1) Jesucristo lloró en tres ocasiones al menos. Lloró, y no se alegró por las desgracias que se presentaban. Por la muerte de Lázaro (Juan 11: 33-35), cuando avisó de que Jerusalén sería destruida (Lucas 19:41), y ante la venida de su muerte (Hebreos 5:7). Asimismo en Getsemaní, San Marcos narra que Jesús se entristeció y se angustió (Marcos 14: 33-34).

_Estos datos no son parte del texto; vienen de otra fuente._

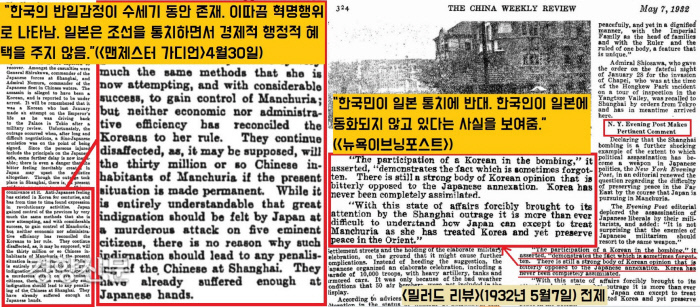 예컨대 영국의 <데일리 텔레그래프>는 “폭탄투척자는…1910년 일본의 조선합병후 조선독립운동에 가담해 테러행위에 적극 참가한 죽음을 두려워하지 않는 자들 가운데 한 명”(4월30일)이라고 전했습니다.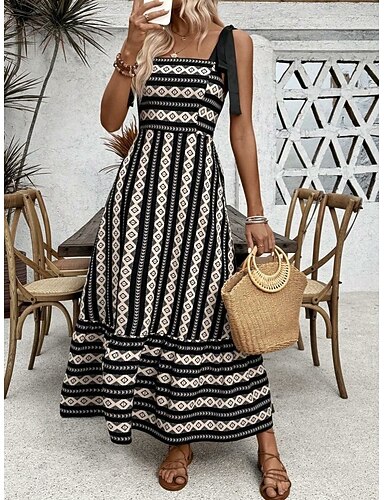 Mujer vestido largo vestido largo Vestido bohemio Vestido informal Vestido de verano Moda Exterior Vacaciones Fiesta Ajuste regular Geométrico Sin Mangas Sin Tirantes Negro Verano Primavera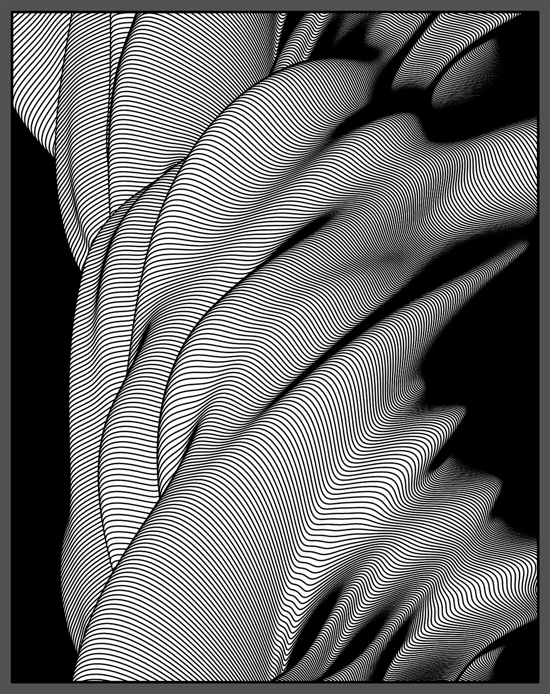 Reworking some previously used algorithms to create a variety of undulating shapes. A variation on this algorithm is used for my Twists.

2) Las bienaventuranzas dan consuelo al que sufre ante la recompensa que tendrán. Parten de la premisa de que el dolor es normal, y de que el consuelo vendrá, pero no toman el dolor como alegría.

3) Jesús curó enfermos y resucitó a muertos, y no al revés. El regalo no era la enfermedad y la muerte, sino al contrario.

4) Cristo asumió el sufrimiento humano para redimirnos de nuestros pecados. Fue este sufrimiento real, que no alegría ni regalo, el que nos redimió.

Cierto es que también hay pasajes en los que parece que se habla de la alegría del sufrimiento: “Alegraos en la medida en que participáis en los sufrimientos de Cristo, para que también os alegréis alborozados en la revelación de su gloria” (I Pedro 4, 13) pero está claro que al hablar de sufrimientos hay un reconocimiento implícito de que éstos son tales, y que la alegría viene por la espera de la vida eterna y por la conversión.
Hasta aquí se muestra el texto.